The idea for Joe Scanlan came a few years ago when I became interested in the presence of straight white men within the art world. In so many other realms straight white men are deprived of social and political ‘authenticity’: look at the white appropriation of black music from blues to hip hop, the white idolization of black athletes, or the apotheosis of white politics (Bill Clinton) resting in black folksiness. In the art world, however, the discourse around art produced by straight white men often casts them as singular and generative geniuses.
This struck me as a curiosity. I wondered what it would be like to create a figure that, through a practice of what I’d like to term “willful white male idiocy,” could not only point to, but also test the limits of and explode the boundaries of straight white male positionality within the art world. Could such a project, were it successful, help to undo some of the myth of the white male genius (and its corollary: the ghettoized queer, female, poor, colored “political” artist) we have inherited from European modernism?The idea of "willful idiocy" is especially illuminating here, and it's not a concept I had a term for before reading this article. This is probably best encapsulated by occurrences where someone acts in a racist manor or brings up a racist comment while explicitly denying that their behavior is racist. By at least playing up this factor in Scanlan, Wong has hit at one of the most bizarre yet prevalent aspects of the current American conversation surrounding race.
For example, it's not uncommon to hear liberal people saying the problem with black America is "single mothers" or talking in panicked terms about the coming "white minority." Or trying to dredge up the old straw man of "black racism." They say on one hand that they want to see black people succeed (or oppose "racism") all while blaming something endemic to black people for dysfunction in their community (or pretending that "racism" has white and black victims). You see this thing happen all the time. Even Jonathan Chait kept repeating these lies during a recent debate on race.

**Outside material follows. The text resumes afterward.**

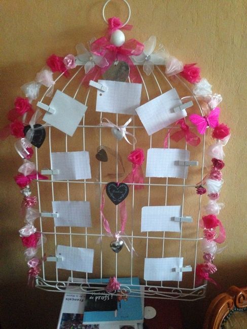 Moi j'ai voulu faire simple, (surtout le cadre je l' ai acheté tel quel sur le bon coin) : ) c'est dans mon thème ; blé, lavande champêtre j'ai juste eu à ajouter les pinces à linge en forme de coeur en ardoise. J'écrirai le nom de chaque table et je...

As Ta Nehisi Coates always emphasizes, the problem is not poverty, or marriage, or even bigotry, the problem is white supremacy. Everything else is a distraction from that crucially important fact.
The importance of Joe Scanlan is multiple and tied fundamentally to a concept of erasure. White people are terrified of being accused of being a racist, because they equate racism with a certain uncultured bigotry that's no longer acceptable. Think Cliven Bundy. But this hysterical attitude towards "racism" actually serves racist ends. It makes the conversation about individuals' behavior instead of social hierarchy, even though the latter is the real problem.
Race and bigotry were invented to justify exploiting an entire class of Americans. That exploitation has not stopped, and little effort has been spent to solve it. In fact, by "erasing" bigotry, we've spent a lot of the capital needed to address hierarchy while making it nearly impossible to acknowledge how our attitudes and assumptions perpetuate the real problem. Like it or not, as white Americans, we are all racist.
So it's not just Justin Wong, Scanlan's "creator" and author of this article. We are all Joe Scanlan in the ways we (un)consciously reinforce American white supremacy. Solving this problem starts with acknowledging that fact and investigating our own history. We say and do racist things, we benefit from racial exploitation, and we owe it to ourselves to admit that. Only then can we see through the caricatures and fictions of racism in America and gain a true appreciation for what it means to be American.